A recent ruling by a federal judge in Illinois in a case involving the use of website tracking technologies known as pixels raises the question of whether the HHS Office for Civil Rights’ (OCR) stance on forbidding their use on health providers’ websites will pass scrutiny by the courts.
The July 24 ruling from U.S. District Court Judge Matthew Kennelly in a case against Rush University System for Health doesn’t definitively state that website pixels shouldn’t be regulated under HIPAA.[1]
However, the judge disputed whether the tracking technologies fall under the definition of individually identifiable health information (IIHI), saying that “the interpretation of IIHI offered by HHS in its guidance goes well beyond the meaning of what the statute can bear.”
“Coupled with the Supreme Court’s recent use of the ‘major questions’ doctrine to reject agencies’ interpretations of their own statutes, [Kennelly’s ruling] raises questions of whether the fever over website pixels and analytics on health care websites will result in much ado about nothing as federal courts weigh in,” wrote attorneys Matthew Stein and Scott Lashway of Manatt, Phelps & Phillips LLP.[2]
Suits Allege Privacy Breaches
Hospitals and health systems faced a flurry of class-action lawsuits alleging breaches of privacy following revelations in 2022 that most health care organizations used website trackers that transmitted tracking data to technology giants such as Google and Meta, the parent company of Facebook.[3] In the 14 months since the issue first arose, multiple health care organizations reported breaches to OCR that involved website pixels.
For its part, OCR issued guidance in December 2022 clarifying that covered entities and business associates are not permitted to use the technologies “in a manner that would result in impermissible disclosures of PHI [protected health information] to tracking technology vendors or any other violations of the HIPAA Rules.”[4]
In fact, OCR Director Melanie Fontes Rainer said at an industry event in March that web-tracking technologies represent “an area of enforcement priority and interest for OCR, particularly in light of the public attention we’ve seen” with pixels in reproductive health care, substance abuse and behavioral health, “which we think is problematic.
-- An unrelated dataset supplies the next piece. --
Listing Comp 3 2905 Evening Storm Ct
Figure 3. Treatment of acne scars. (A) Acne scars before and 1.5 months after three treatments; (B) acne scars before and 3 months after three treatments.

And so we want to make sure we’re being responsive to what we’re seeing.”[5]
The OCR guidance notes that these tracking technologies might exist on a webpage where they can access PHI, in which case HIPAA rules apply. Rainer said in March that OCR’s goal is to drive voluntary compliance with the regulations.
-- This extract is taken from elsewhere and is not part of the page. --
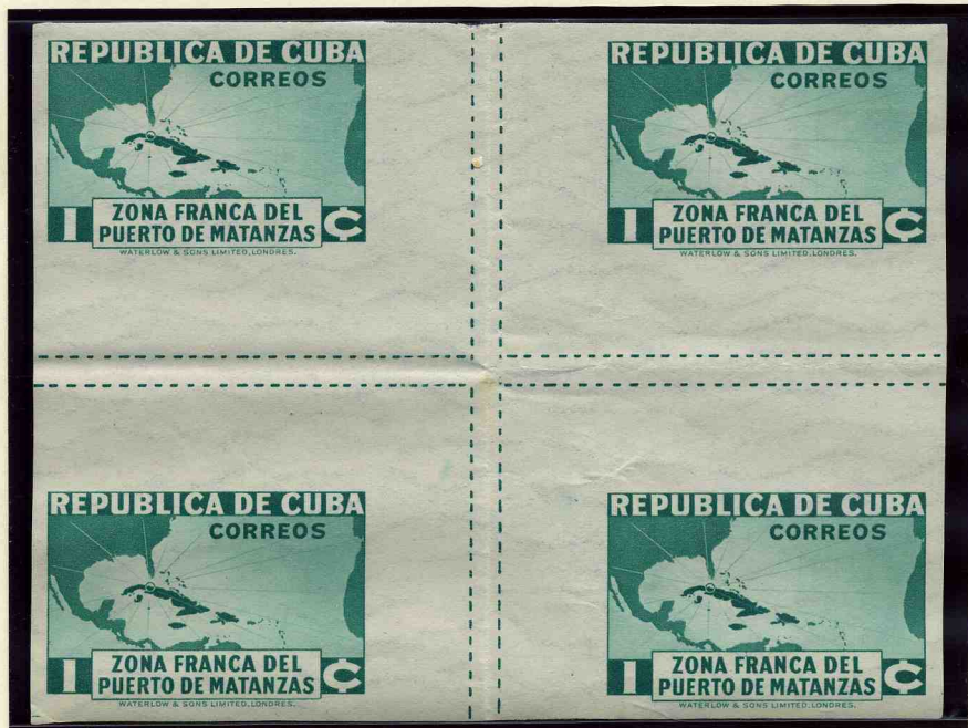
1936 - 1¢ imperforate Matanzas series - Geographical Situation of Cuba on map - Edifil 278CH 200 sheets printed

Two hundred sheets of each of the 14 different imperforate stamps went on sale in only in Matanzas.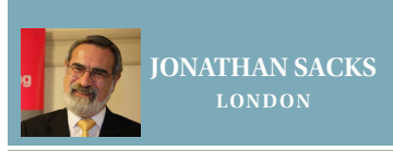
JONATHAN SACKS LONDON

Miketz represents the most sudden and radical transformation in the Torah. Joseph, in a single day, moves from zero to hero, from forgotten, languishing prisoner to viceroy of Egypt, the most powerful man in the land, in control of the nation's economy.

The Federal Trade Commission (FTC) has also been active in policing pixels: In February, the FTC took action against prescription drug discount provider GoodRx for unauthorized disclosures of consumers’ personal health information to technology companies.[6]
To date, OCR has not announced any enforcement actions against organizations using the tracking technologies. However, in July, it teamed up with the FTC to send a joint letter directly to more than 100 hospitals and health care systems, along with telehealth companies, warning them about tracking technologies.[7]
The letter is meant to “draw…attention to serious privacy and security risks related to the use of online tracking technologies that may be present on [their] website or mobile application (app) and impermissibly disclosing consumers’ sensitive personal health information to third parties,” the two agencies wrote.